» **Provided material**

++++++++

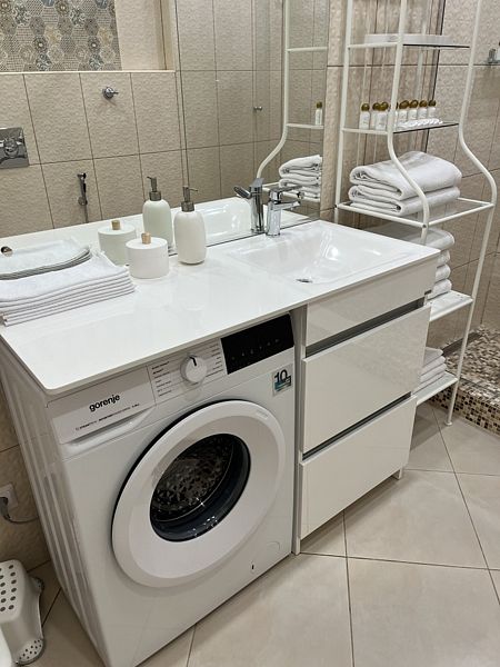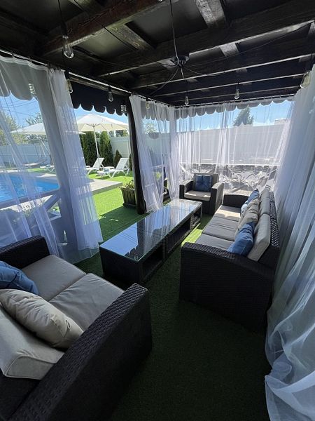 Гостевой дом подходит для отдыха с семьёй и друзьями, а также для организации праздничных мероприятий. В доме имеется кухня-гостиная со столом на 10 персон, необходимая посуда и бытовая техника, включая посудомоечную машину, духовой шкаф, кофе-машину, тостер и чайник. Имеется четыре спальни с кроватями с ортопедическими матрасами: 2 спальни с кроватью 160x200, 1 спальня с кроватью 180x200 и 1 спальня с двумя кроватями 140x200. Предусмотрена детская кровать 80x120. Каждая комната оснащена платяными шкафами, комодами, прикроватными тумбочками, кондиционерами, халатами и тапочками. Есть два санузла с ванной, душевой, стиральной машиной и средствами гигиены.
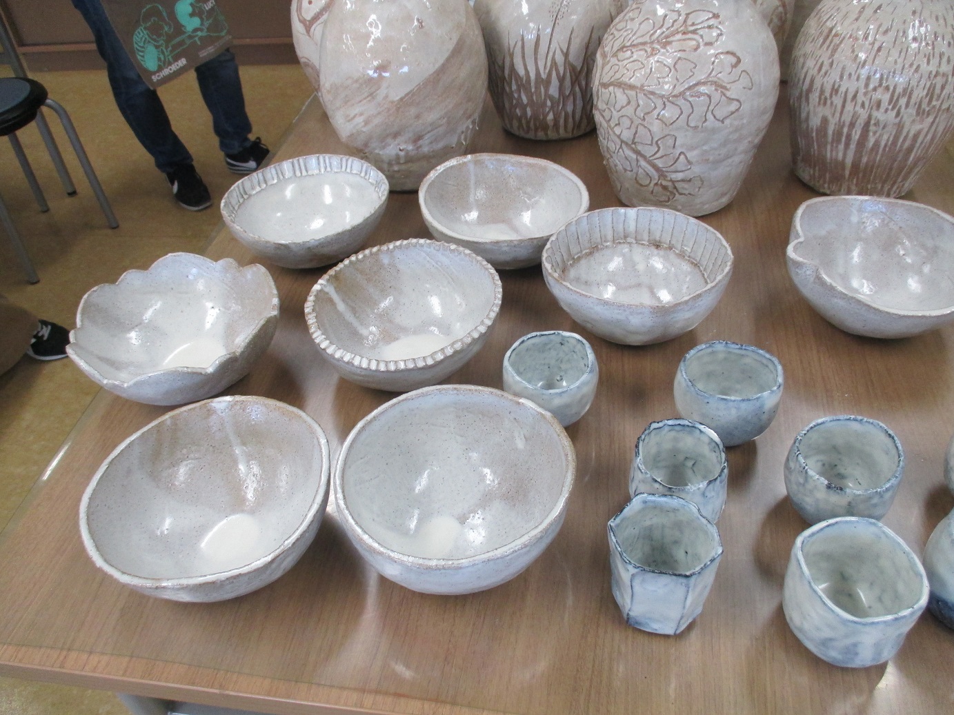 本焼きを済ませ、ドキドキしながら作品32点と対面いたしました。土の塊が2か月間の活動を経て、見事な作品に仕上がりました。コロナ禍での開催でしたが先生からご指導いただきながら、土と向き合った2か月間でした。早速、年末年始のお料理にという声も♪
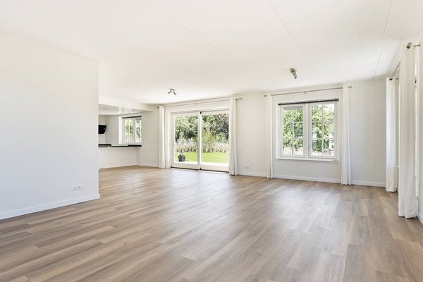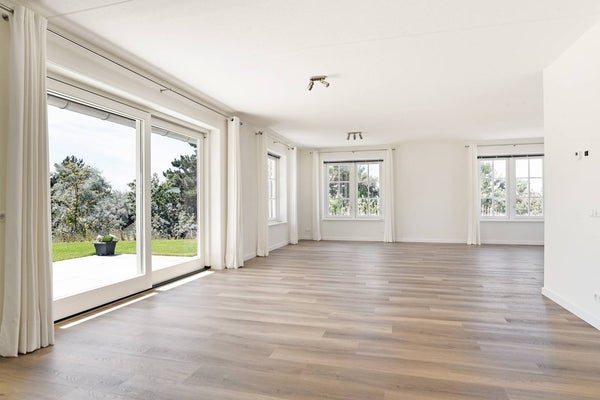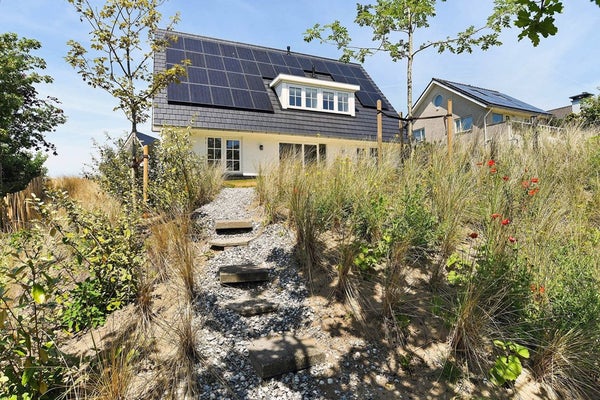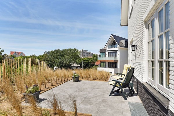 Schuifdeuren van de woon- en eetruimte geven toegang tot de zonnige, op het zuiden gerichte tuin die rondom het huis loopt en beschikt over twee ruime terrassen. De tuin is weelderig met groen en biedt een prachtig uitzicht op de duinen en het iconische Grand Hotel Huis ter Duin. De perfecte setting voor uw ochtendkoffie of zomer diners.

++++++++

» **Task to carry out**
Starting with the opening line of the listing, write out each line exactly until the line that contains "本焼きを済ませ、ドキドキしな" has been included; skip the pictures.

» **Output of the task**
 Гостевой дом подходит для отдыха с семьёй и друзьями, а также для организации праздничных мероприятий. В доме имеется кухня-гостиная со столом на 10 персон, необходимая посуда и бытовая техника, включая посудомоечную машину, духовой шкаф, кофе-машину, тостер и чайник. Имеется четыре спальни с кроватями с ортопедическими матрасами: 2 спальни с кроватью 160x200, 1 спальня с кроватью 180x200 и 1 спальня с двумя кроватями 140x200. Предусмотрена детская кровать 80x120. Каждая комната оснащена платяными шкафами, комодами, прикроватными тумбочками, кондиционерами, халатами и тапочками. Есть два санузла с ванной, душевой, стиральной машиной и средствами гигиены.
 本焼きを済ませ、ドキドキしながら作品32点と対面いたしました。土の塊が2か月間の活動を経て、見事な作品に仕上がりました。コロナ禍での開催でしたが先生からご指導いただきながら、土と向き合った2か月間でした。早速、年末年始のお料理にという声も♪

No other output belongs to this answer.